Though Rudd’s exit on Sunday night spawned from the Windrush scandal, where men and women from the Caribbean who arrived in the UK between the 1940s to 1970s were caught up in the “hostile environment” and told to prove that they had a right to be here, it was, in the end, questions over targets for enforced removals of illegal immigrants that brought her down.

The former home secretary last week told MPs her department could “sometimes loses sight of the individual”.

Over the next few days, officials in the department leaked a series of damaging memos, emails and letters showing the Tory politician had either purposefully, inadvertently or incompetently, misled parliament.

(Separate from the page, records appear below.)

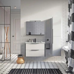 De Atlantic badmeubelset Aria met spiegel en witte wastafel 80cm Mat Wit is een hangende set met een industriele uitstraling. Dankzij het hangende design creëer je een ruimtelijke look in jouw badkamer. Het meubel is voorzien van 2 soft close laden en een mat witte keramische wastafel. Ook zijn er zwarte profielen geplaatst op de randen van het badmeubel voor een extra stoere look. Daarnaast is aan deze set een losse vierkante spiegel met planchet toegevoegd. De set is voorzien van stijlvolle mat zwarte grepen, wat zorgt voor een chique en industrieel uiterlijk. De set wordt flatpacked geleverd en is eenvoudig te installeren met de meegeleverde bevestigingsmaterialen. Exclusief wastafelkraan.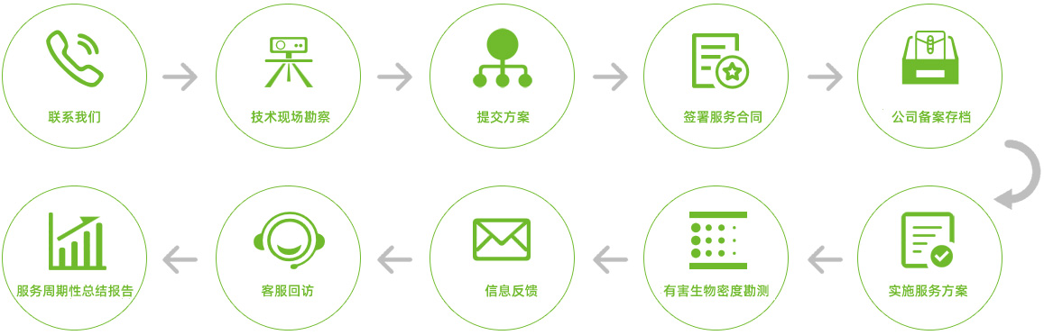 服務(wù)流程 煙臺(tái)海瑞達(dá)消毒殺蟲(chóng)技術(shù)服務(wù)有限公司為中國(guó)衛(wèi)生有害生物防制協(xié)會(huì)A級(jí)資質(zhì)服務(wù)單位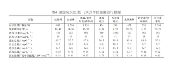 國(guó)內(nèi)污水處理廠的能耗水平與歐美發(fā)達(dá)國(guó)家相比究竟怎樣呢?國(guó)內(nèi)文獻(xiàn)中較多出現(xiàn)的觀點(diǎn)是國(guó)內(nèi)污水處理廠的能耗水平明顯高于歐美發(fā)達(dá)國(guó)家。但筆者認(rèn)為未必如此,污水處理廠的能耗水平與其建設(shè)標(biāo)準(zhǔn)和處理標(biāo)準(zhǔn)直接相關(guān),不是同一基礎(chǔ)上的數(shù)據(jù)不具有可比性。國(guó)內(nèi)污水處理廠經(jīng)歷近十年的逐次提標(biāo),目前的處理標(biāo)準(zhǔn)應(yīng)該已超過(guò)了很多歐美國(guó)家的污水處理廠。為滿足高標(biāo)準(zhǔn)的處理需求,近十年來(lái)也從國(guó)外引進(jìn)了大量的先進(jìn)技術(shù)和裝備,應(yīng)該說(shuō)目前行業(yè)內(nèi)國(guó)際上大多數(shù)先進(jìn)的工藝、技術(shù)和裝備在國(guó)內(nèi)都得到了廣泛的應(yīng)用。因此至少單純?cè)谖鬯幚韽S運(yùn)行能耗方面國(guó)內(nèi)并不比歐美發(fā)達(dá)國(guó)家差。唐建國(guó)在城建水業(yè)上介紹了德國(guó)2019年的污水處理情況,德國(guó)水協(xié)2019年調(diào)查了全德5 310座污水處理廠的情況,占德國(guó)污水處理總規(guī)模的87.2%。其中關(guān)于污水處理廠的主要運(yùn)行數(shù)據(jù)摘錄如表4所示。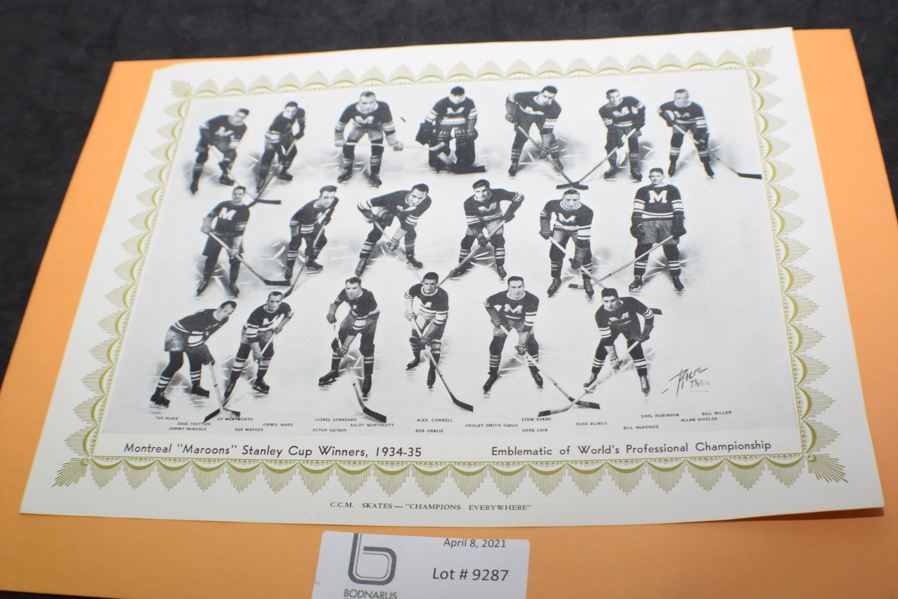 CCM HOCKEY TEAM PICTURE 1934-35 MONTREAL MAROONS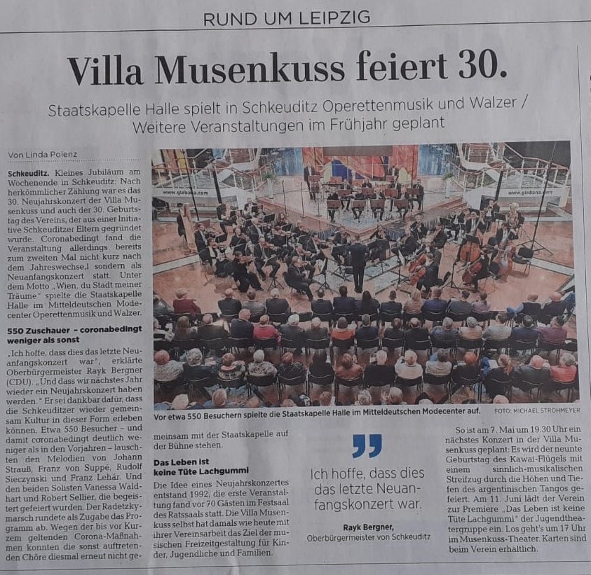LVZ vom 13.4.2022- Seite 21 – Villa Musenkuss feiert 30.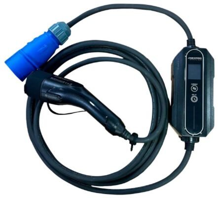 Ideal para motoristas autônomos e pequenas operações urbanas, o carregador portátil de 7 kW se destaca pela praticidade. Com conector Tipo 2 (T2) para o veículo e plugue industrial para a rede elétrica, ele permite o carregamento do VUC elétrico em diferentes locais, sem necessidade de instalação fixa.

Rudd had told MPs that she was not aware of Home Office set targets for the number of people to be removed, but an official document leaked to the Guardian, originally copied to Rudd, showed 12,800 enforced returns, then on Sunday the paper had a letter written by Rudd to May in January 2017 about increasing enforced removals by 10 per cent.

Labour leader Jeremy Corbyn said Rudd had been the “human shield” for the Prime Minister.

But during a local election campaign visit to Greater Manchester, Theresa May, Britain’s home secretary until two years ago, attempted to distance herself from the bourach in the Home Office.

Speaking to reporters during a visit to Brooklands Primary School in Sale, Greater Manchester, May was asked three times if the Windrush scandal was a resignation matter for her or if she should take responsibility for it. She did not answer.

May said: “The Windrush generation are British, they are here, they are part of us and what we have done is, in recognising the concern that has been raised, put a team in place that will be working with people to ensure that they get the documents that are necessary.”

Shadow home secretary Diane Abbott said it should have been May and not Javid facing MPs.

She said: “We want to talk to her about the aspects of the so-called hostile environment which she was responsible for and led to the Windrush fiasco.”

Abbott added later: “All roads lead back to Theresa May and her tenure as Home Secretary.”